# 1969 GTO wiring diagrams



## aseylys (Mar 29, 2010)

Hi, so I apologize if this is a repeat of a discussion but I've been searching for some wiring diagrams for my '69 GTO. Does anyone have parts or the full set of diagrams for a '69?


----------



## firecatsrt (Sep 15, 2008)

look up, there's a sticky with a 69 in it at the top of this page.

http://www.gtoforum.com/f50/gto-wiring-diagram-scans-22042/


----------



## Q5Grafx (Aug 11, 2014)

i have the absolute best 1969 gto wiring diagram available but cant figure out how to post them here. I made a color coded Autocad drawing of the wiring diagram that has tags on each wire showing the color and gauge in autocad and .pdf if anyone wants them just send me a msg and ill get them to you. i have printed one out at Ansi E size and it looks awesome. i can also be reached at [email protected] made this for a gto i had and have now sold but will give away these files to anyone who wants them free.


----------



## waynej (Mar 9, 2017)

Q5Grafx said:


> i have the absolute best 1969 gto wiring diagram available but cant figure out how to post them here.
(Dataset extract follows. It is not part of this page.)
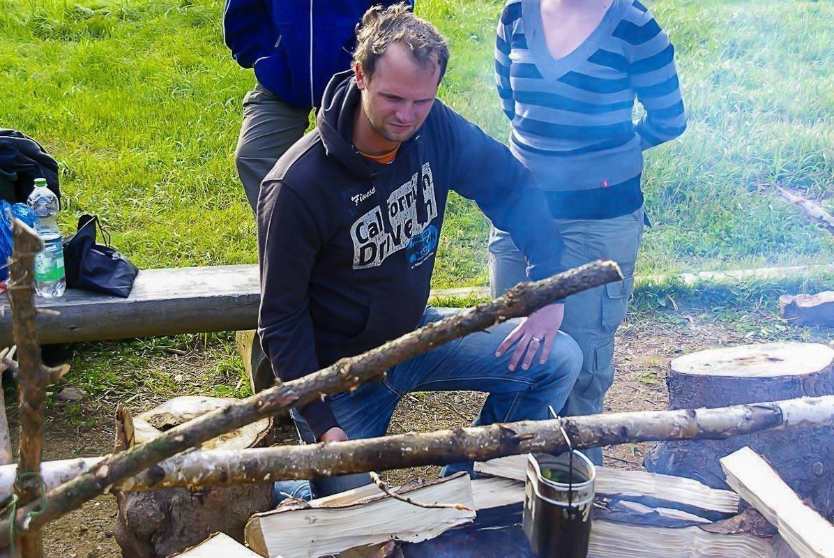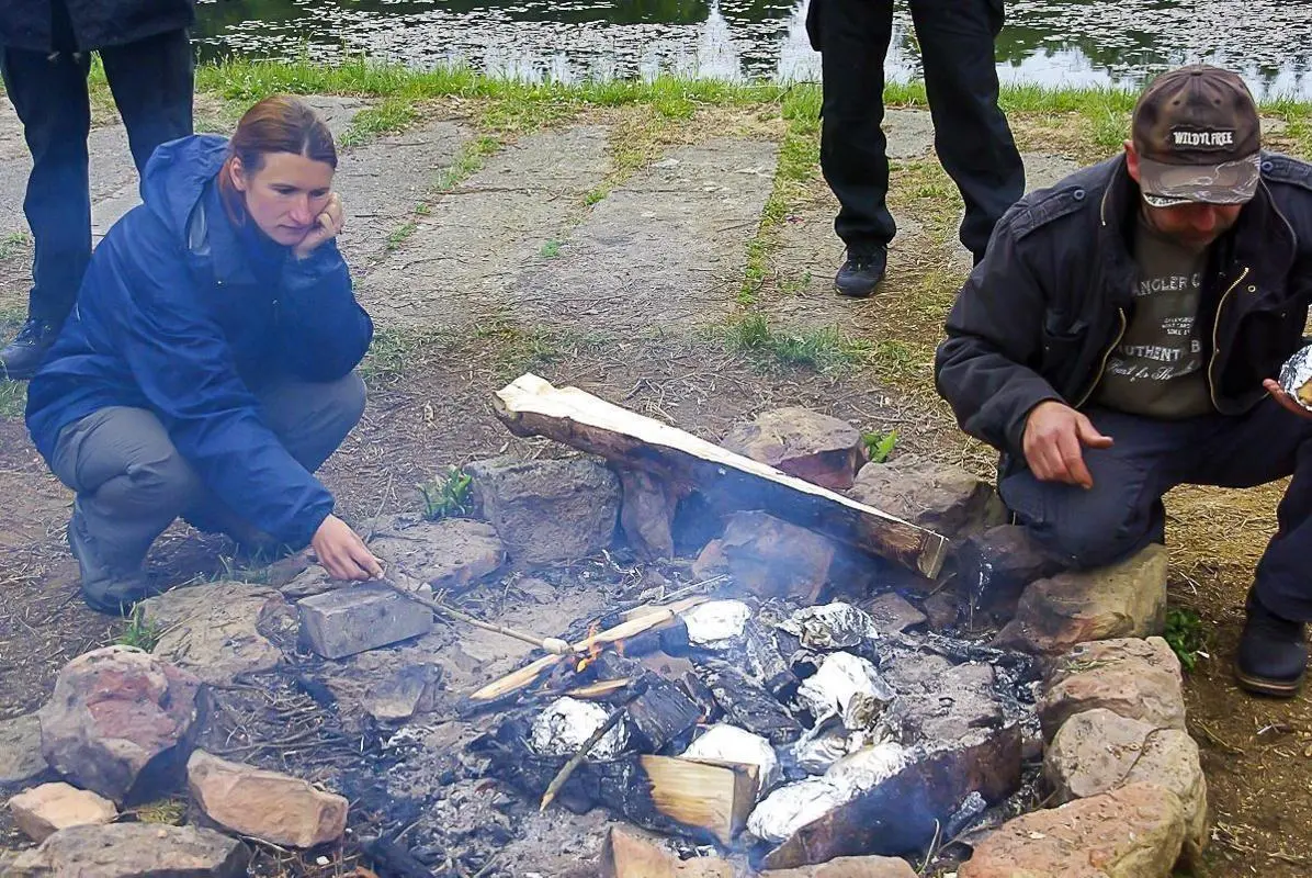 Gruppe arbeitet gemeinsam an einem Feuerplatz mit Holz und Ausrüstung

I made a color coded Autocad drawing of the wiring diagram that has tags on each wire showing the color and gauge in autocad and .pdf if anyone wants them just send me a msg and ill get them to you. i have printed one out at Ansi E size and it looks awesome. i can also be reached at [email protected] made this for a gto i had and have now sold but will give away these files to anyone who wants them free.


Hi, I am in the process of rewiring /reconnecting all of the wires from my fuse panel to all of the proper connections having a diagram of where every plug goes to the correct place is essential . I removed the whole dashboard w/core and had New padded dash put on the Core . It took so long 1 1/2 to get the dashboard back from the people that did the restoring I have forgotten a few connections . I want to be sure that it is done correctly . Please let me know if you could help me ? Thank You for your time . Wayne C. Johnson ,52 Londonderry Drive , Easton Md. 21601 -- 410-443-8383 cell Again Thanks


----------



## Valerie (May 9, 2020)

Q5Grafx said:


> i have the absolute best 1969 gto wiring diagram available but cant figure out how to post them here. I made a color coded Autocad drawing of the wiring diagram that has tags on each wire showing the color and gauge in autocad and .pdf if anyone wants them just send me a msg and ill get them to you. i have printed one out at Ansi E size and it looks awesome. i can also be reached at [email protected] made this for a gto i had and have now sold but will give away these files to anyone who wants them free.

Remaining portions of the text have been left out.